● **Your goal**
In the data below, reproduce everything exactly except the images.

● **Given information**
Content starts

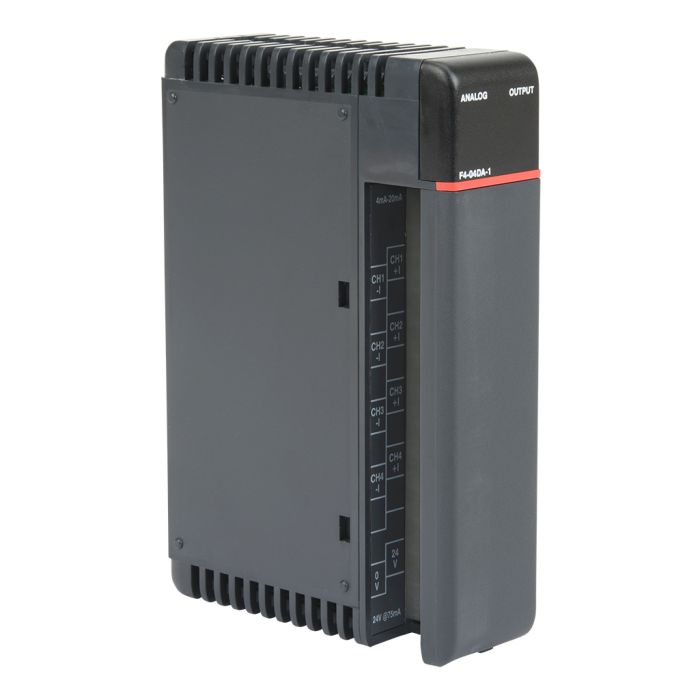 4-channel analog output module, 12-bit resolution, range: 4-20 mA. Designed to operate with 24VDC user-supplied power supply.
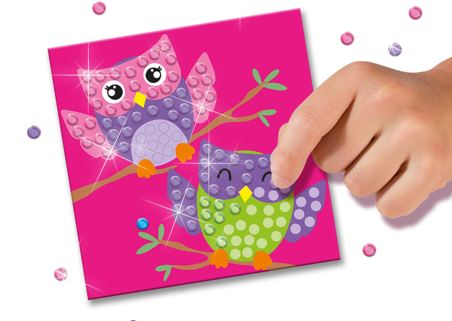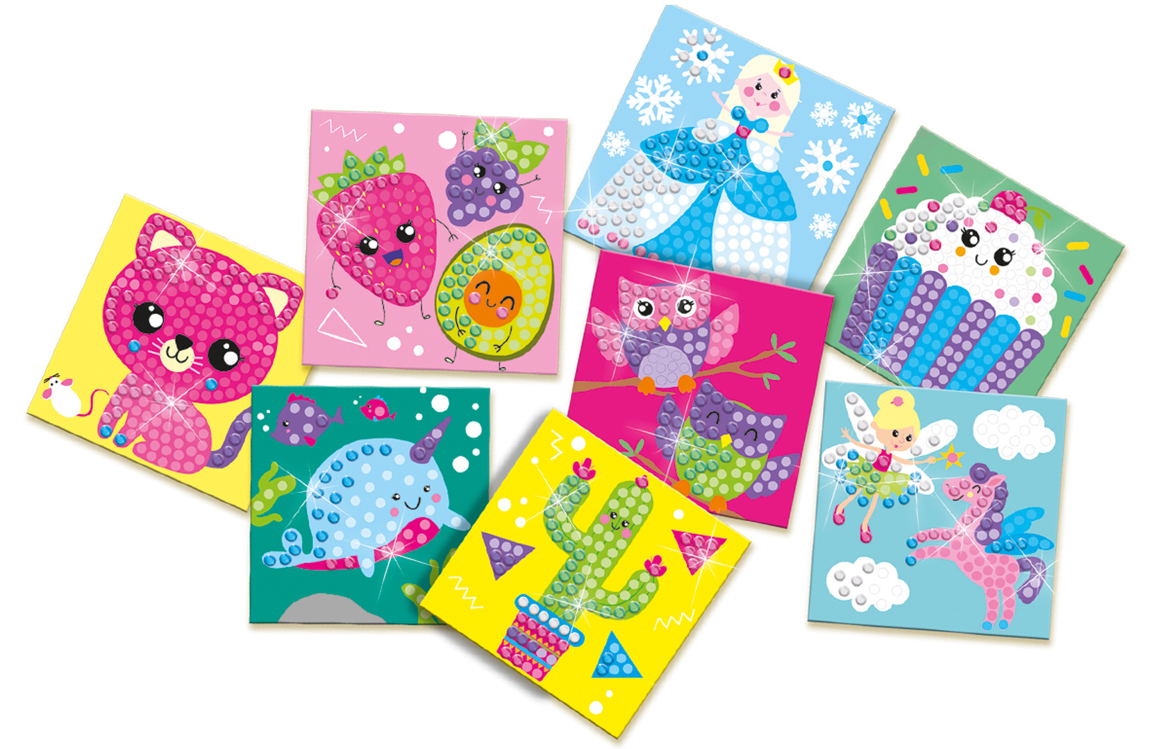 Diamond painting junior. Doordat de glimmende diamantstippen zelfklevend zijn, plakken ze heel gemakkelijk op de kleurrijke kaarten!
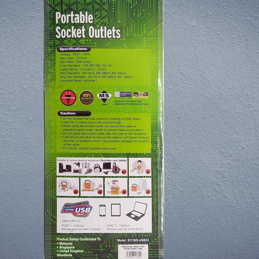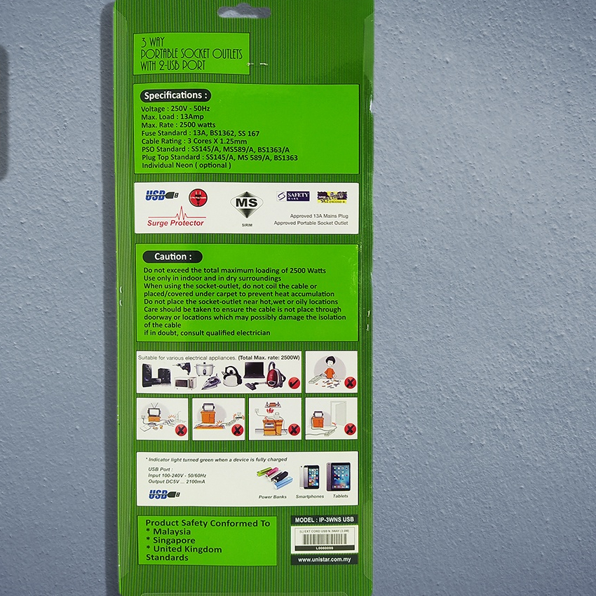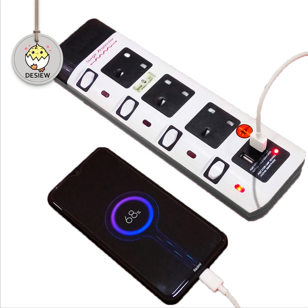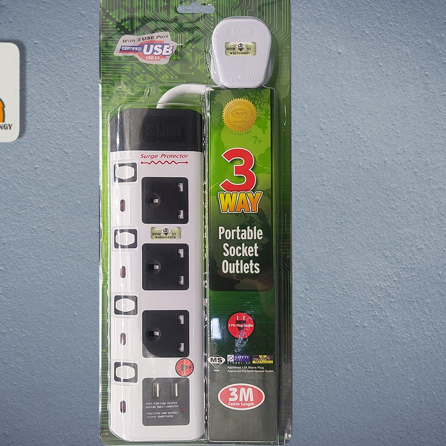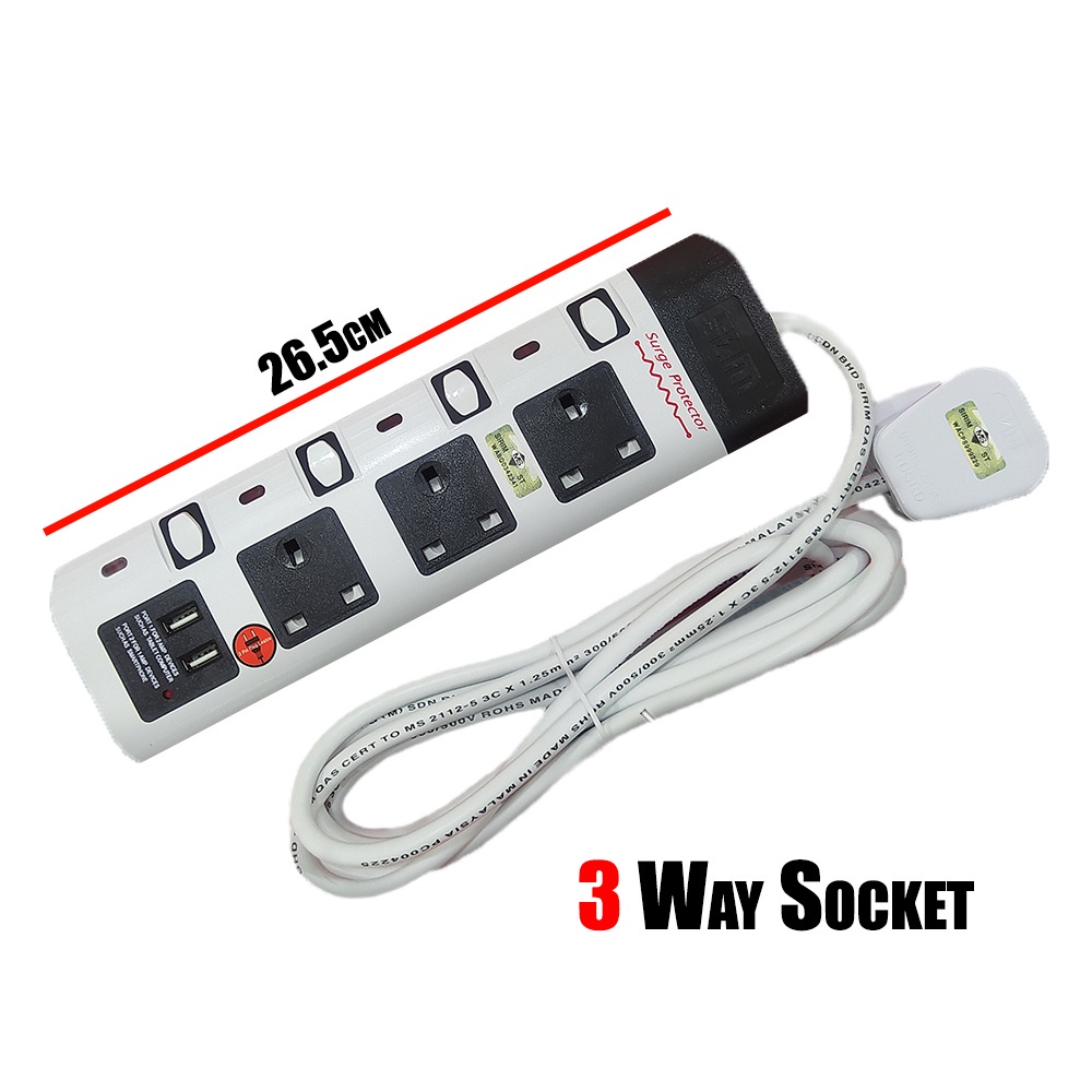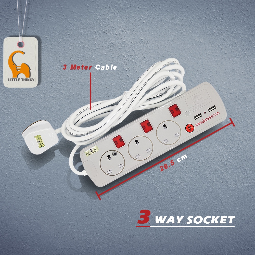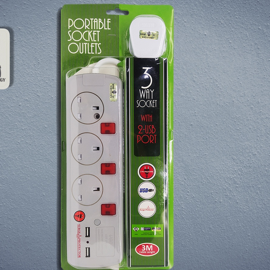 SIRIM Approval USB Extension Socket Plug, 2 USB Port With Surge Protector & 3 Meter Long Cable
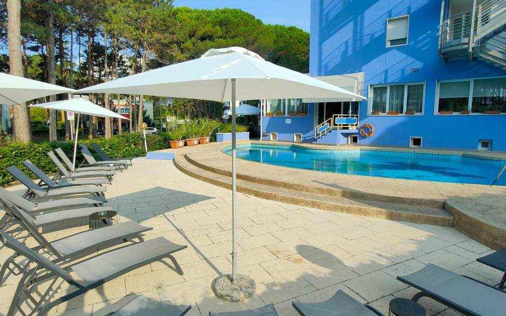 - Utilizzo della piscina scoperta con lettini e ombrelloni fino ad esaurimento e piscina per bambini integrata;

Content ends

● **Completed task**
 4-channel analog output module, 12-bit resolution, range: 4-20 mA. Designed to operate with 24VDC user-supplied power supply.
 Diamond painting junior. Doordat de glimmende diamantstippen zelfklevend zijn, plakken ze heel gemakkelijk op de kleurrijke kaarten!
 SIRIM Approval USB Extension Socket Plug, 2 USB Port With Surge Protector & 3 Meter Long Cable
 - Utilizzo della piscina scoperta con lettini e ombrelloni fino ad esaurimento e piscina per bambini integrata;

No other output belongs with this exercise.